Impact of surface gradient structures on mechanical properties of a dual-phase AlCrFe2(Ni0.85Co0.15)2 multi-component eutectic alloy

Abstract The multicomponent eutectic alloys (MCEAs) have demonstrated great potential applications in industrial fields owing to their excellent castability during solidification. The cast MCEAs can achieve a good strength-ductility synergy. However, they usually suffer from mechanical failure at surface due to high surface residual stress resulting from direct solidification.

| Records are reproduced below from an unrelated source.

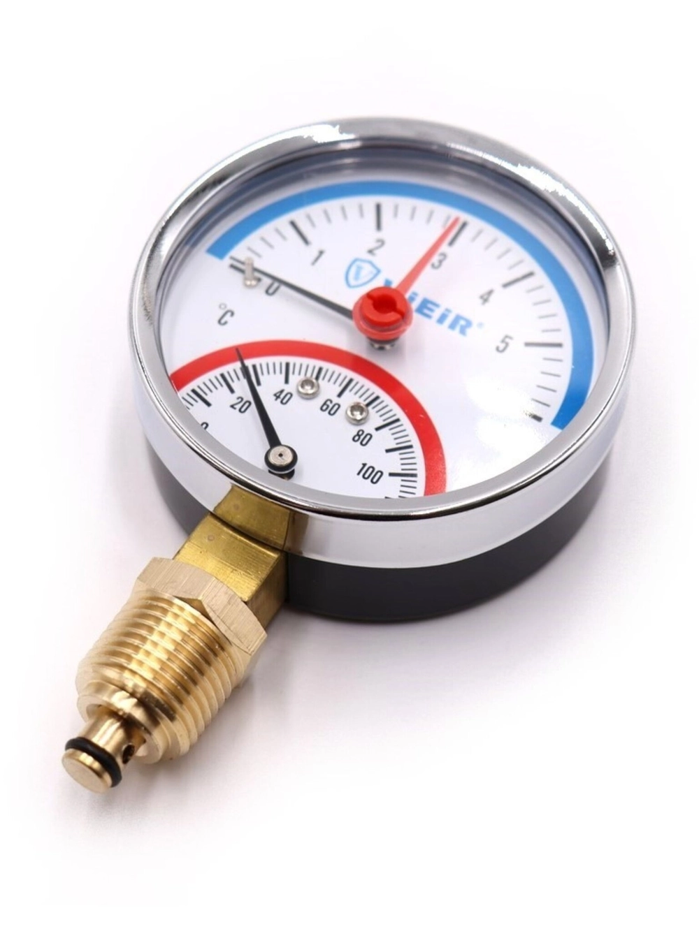 ViEiR Термоманометр 1/2", вертикальный (80 мм/6 бар) (YE6). ViEiR Термоманометр с вертикальным подключением применяют для контроля избыточного давления жидкостей или газов, контролируемая среда не должна быть вязкой, кристаллизующейся, а также их температуры до + 120 °C.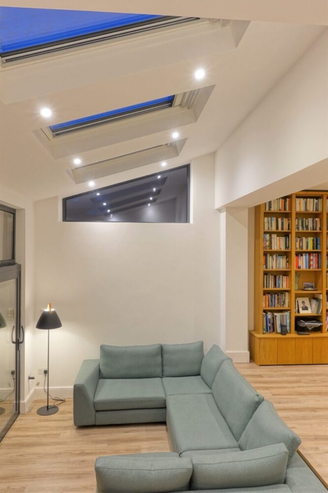 The solution was a split-level design, with the sofa area 60 cm lower, so it was closer to the garden, with the deck becoming a natural extension of the living area, viewed through the full height patio doors. Magda is particularly pleased with the way the clerestory windows above and Velux roof lights allow light to flood the once dark kitchen and dining room, and that as the change in level conformed to Building Regulations requirements, no balustrade was required.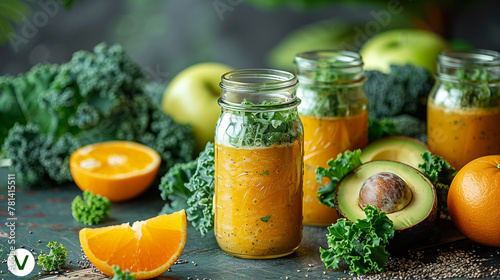 "Nutrient-rich orange and kale smoothie in a mason jar, surrounded by fresh greens and avocado, offering a healthful boost."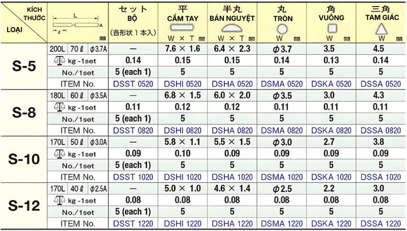 | Dũa Kim Cương Dẹp S-12 #200 DSHI1220 | DSHI1220 | S-12 (#200) | 170L*40ℓ*φ2.5A |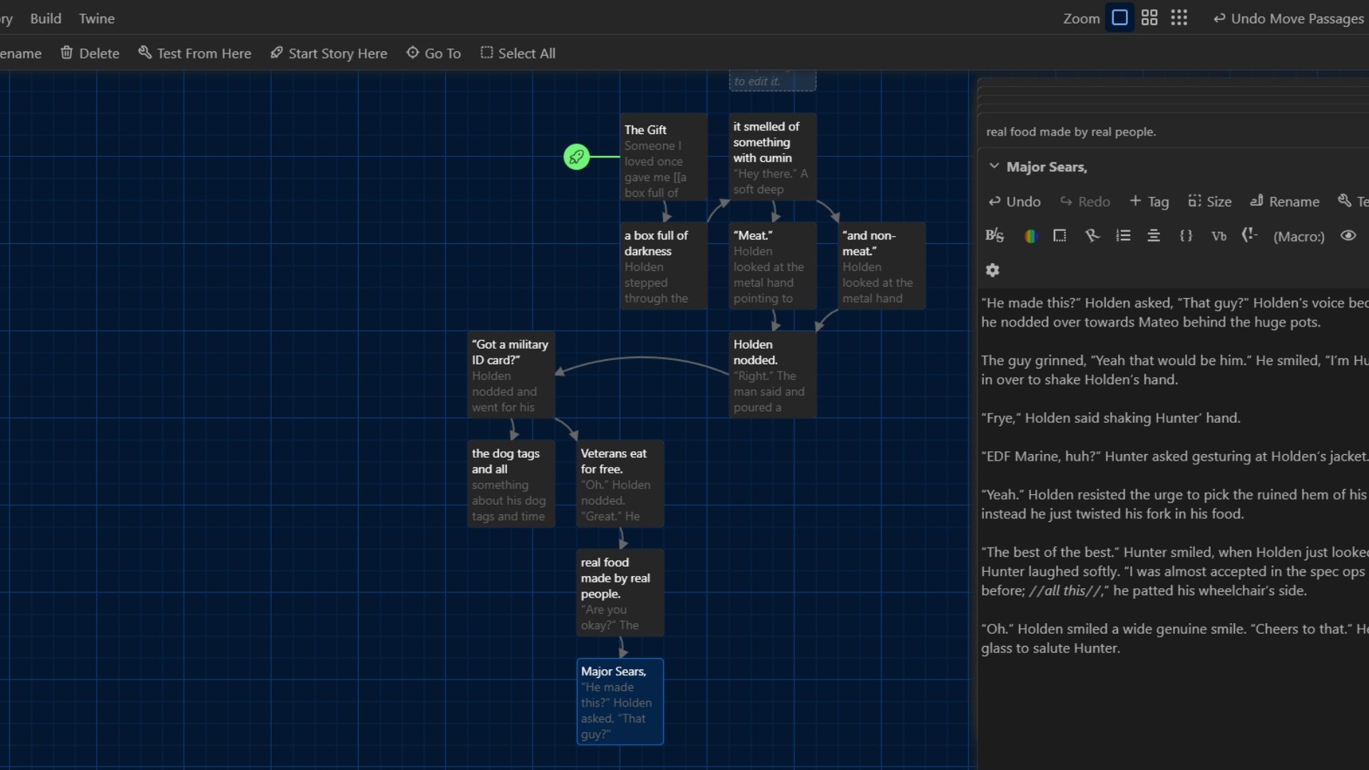 And besides that, I also worked a little more on my Twine project, finally tackled trying to insert the edited text. This project doesn’t really have a name, but it’s a rewritten version of an old fanfic called Battle Brothers. I kept the bromance, but I changed the names, and the fandom actually, switching it to a Dead Space thing – yeah well I worked it over just before I wrote Silentia Aeterna.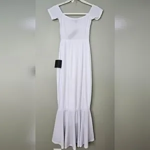 Lulus How Much I Care White Velvet Off-the-Shoulder Midi Dress, Size XS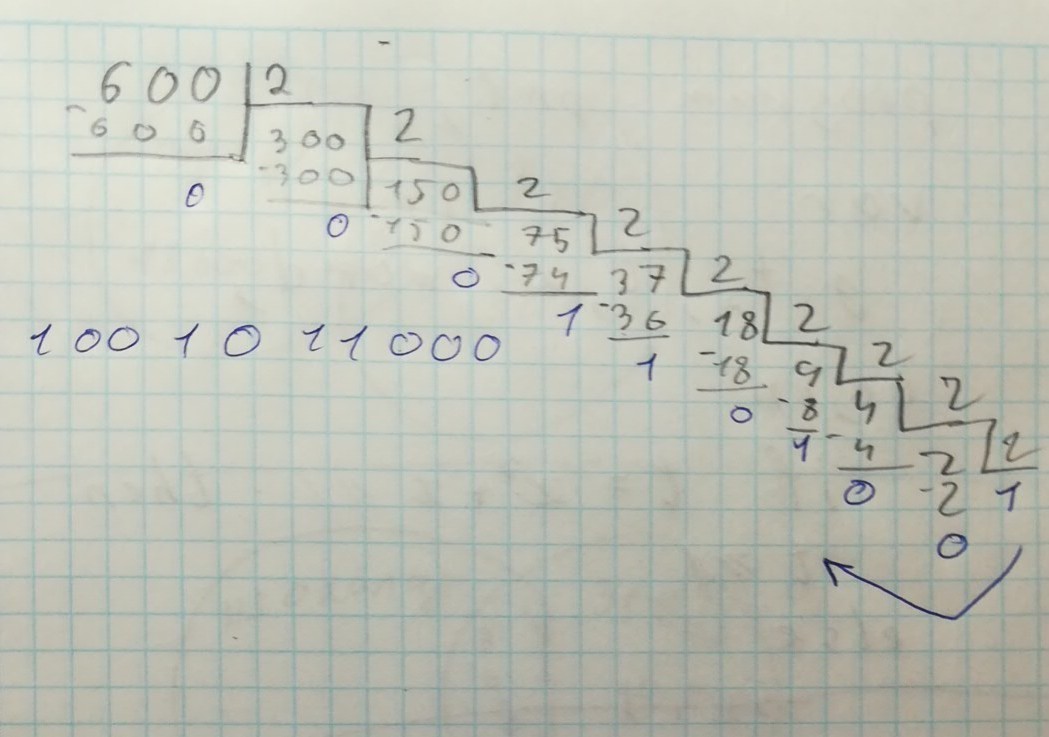 Запишите в двоичной системе число, которое в десятичной системе записано так: 600.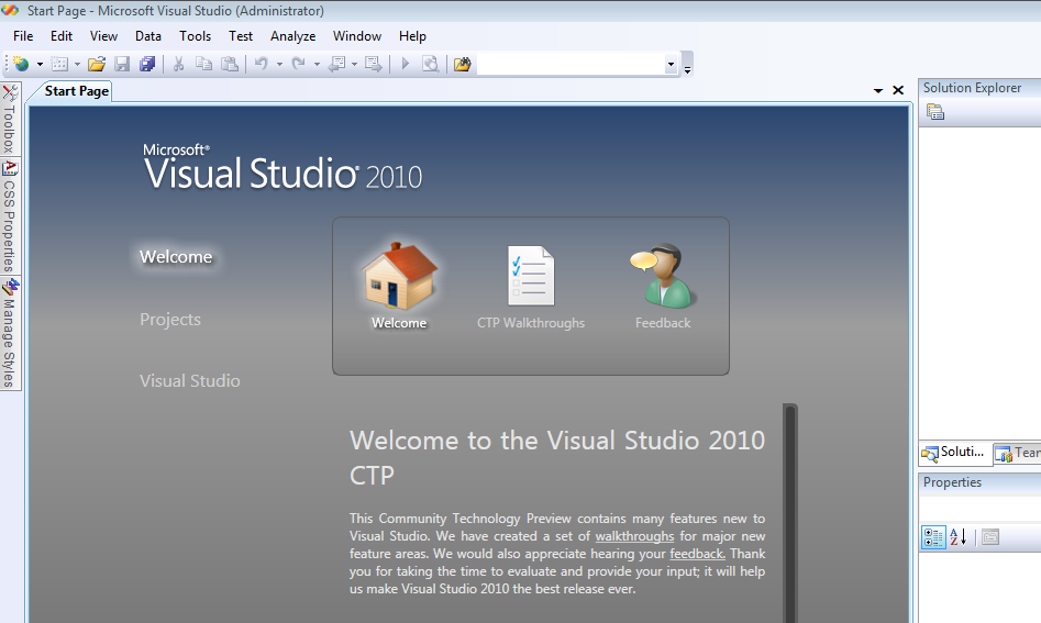 微软在今天发布了Visual Studio 2010的CTP版本,花了n久终于拖了下来,本文主要简单展示下VS2010.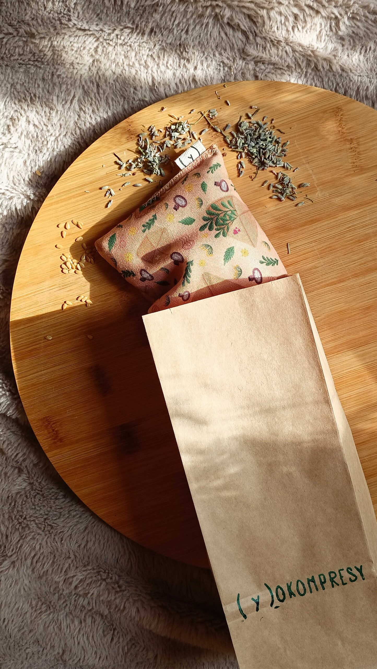 Ukoyka to relaksacyjny woreczek z siemieniem lnianym i suszonymi kwiatami lawendy oraz lipy, który kładzie się na oczy – żeby dać ciału znak, że już można odpuścić 😉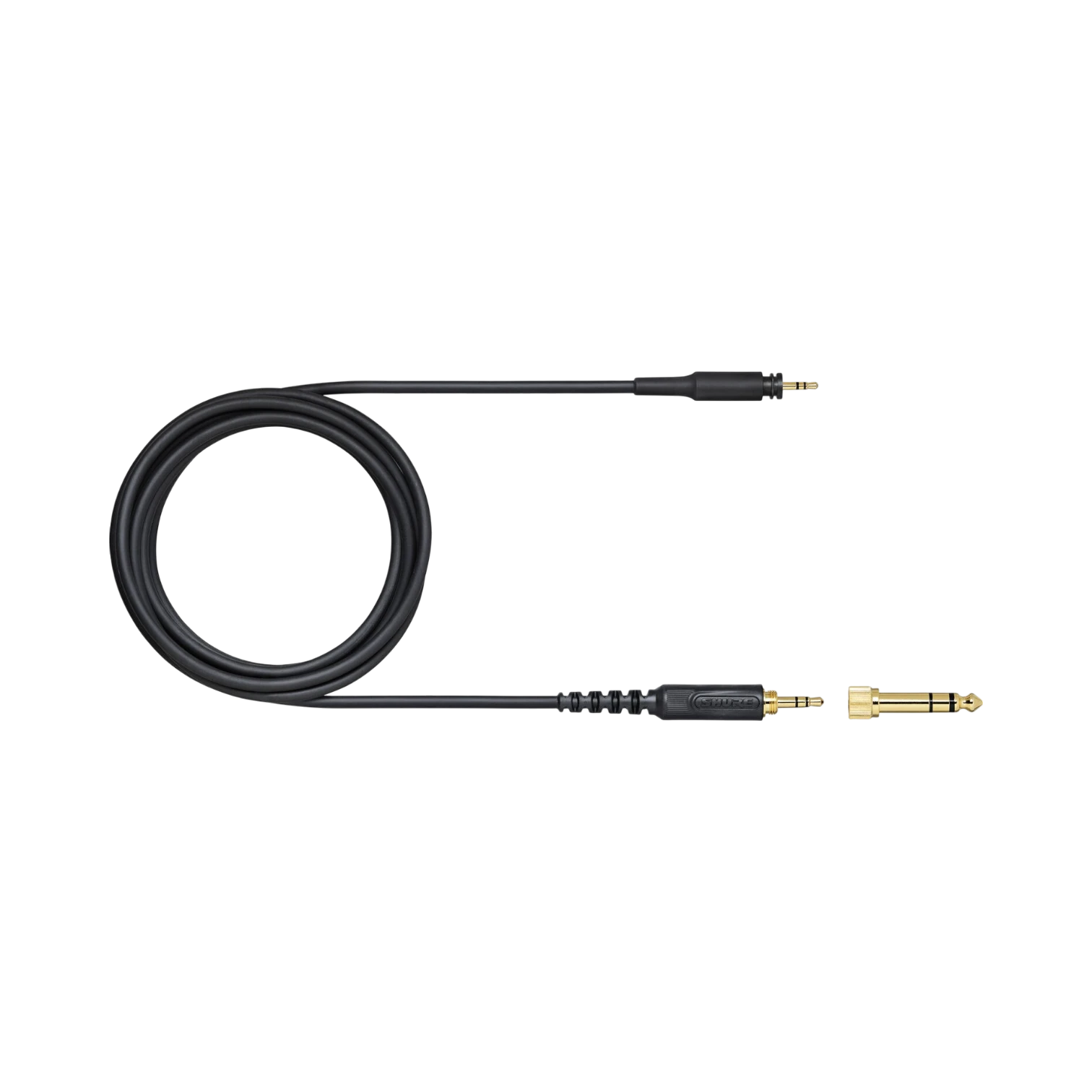 The SRH440A headphones connect via a detachable 3-meter coiled cable that locks securely with a bayonet mechanism, preventing accidental disconnections during use. The gold-plated 3.5 mm plug ensures a clean signal path and reduces corrosion, while the included 1/4" adapter expands compatibility to professional audio interfaces, mixers, and amplifiers. This makes the headphones a versatile choice for a variety of studio and field setups.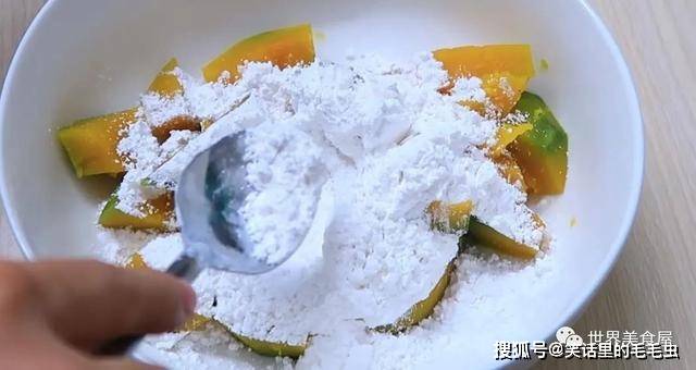 ②蒸熟的南瓜放碗中,混入糯米粉搅拌。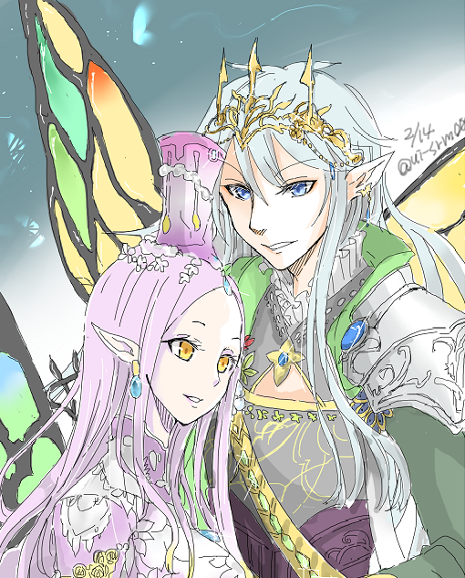 フォロワーさんのお誕生日イラストです。夏の夜の夢から妖精王オーベロン、妖精妃ティタニアです。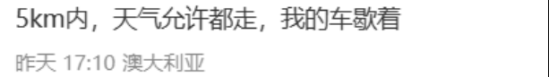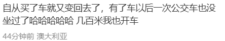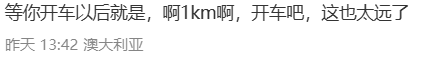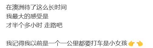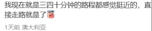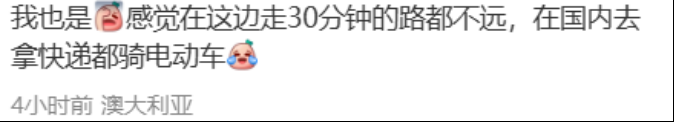 有网友表示,在国内时,连取快递都要骑电动车,但在澳洲,30分钟的步行路程也感觉“不远”。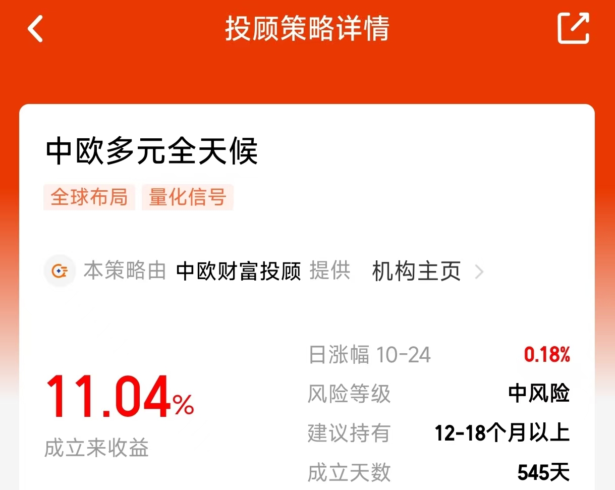 最近市场波动加大,我的账户却比较平稳。这要归功于我之前配置的中欧多元全天候投顾组合。它不像单一资产那样大起大落,而是把资金分散到全球十多个相关性较低的市场和资产类别中。这种思路就像“不把鸡蛋放在同一个篮子里”,即便某个市场表现不佳,其他资产的收益也能起到对冲作用。查看这个组合的数据,近一年涨幅接近9.18%,最大回撤只有2.02%,波动率也控制在2.7%左右。对于希望账户平稳增长的朋友,这种分散配置的方式确实能让人更安心。#沪指再创十年新高!接下来你会如何操作?#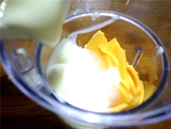 플레인요거트100g자리 2개와 슬라이스치즈2장을 넣어 곱게 갈아줍니다.
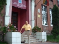 Ted Ashkenazy in front of the Schwabe School building, 2007 [Late-1930's photos of Schwabe School children]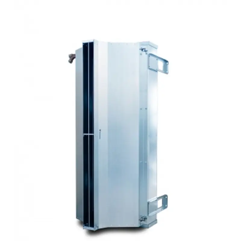 Тепловая завеса IP54 с повышенной коррозионной стойкостью для проемов высотой от 3 до 6 метров в помещениях с атмосферой, содержащей капельную влагу, например, в автомойках. Водяная тепловая завеса IP54 изготавливается с соплом под углом 30° (под заказ).
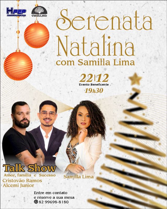 É a Serenata Natalina, em sua 1ª edição, que contará com show musical da cantora alagoana Samilla Lima, a partir das 19h30, além de um talk show especial com os empresários Alcemi Júnior (ESC Desenvolvimento) e Cristóvão Ramos (Confraria San Juan), com o tema “Amor, Família e Sucesso”.

Here we introduce a surface treatment technique through electromagnetic induction heating (EMIH), by which the stress level at surface (−24 MPa) was significantly reduced compared to that of the base MCEA (+573 MPa) with a chemical composition of AlCrFe2(Ni0.85Co0.15)2. This EMIH treatment not only mitigates surface residual stress but also enhances tensile ductility by 30 % without sacrificing its yield strength. In contrast, surface gradient structure synthesized by surface mechanical grinding treatment (SMGT) exhibited a dual-phase nanostructure, together with a compressive residual stress that is an order of magnitude higher than that of the EMIH-processed MCEA. The SMGT-processed MCEA showed marginal improvement in its tensile ductility because of limited work hardening ability resulting from limited dislocation sources at surface. Our study envisages an approach to process MCEAs by surface treatment with relatively a low cost.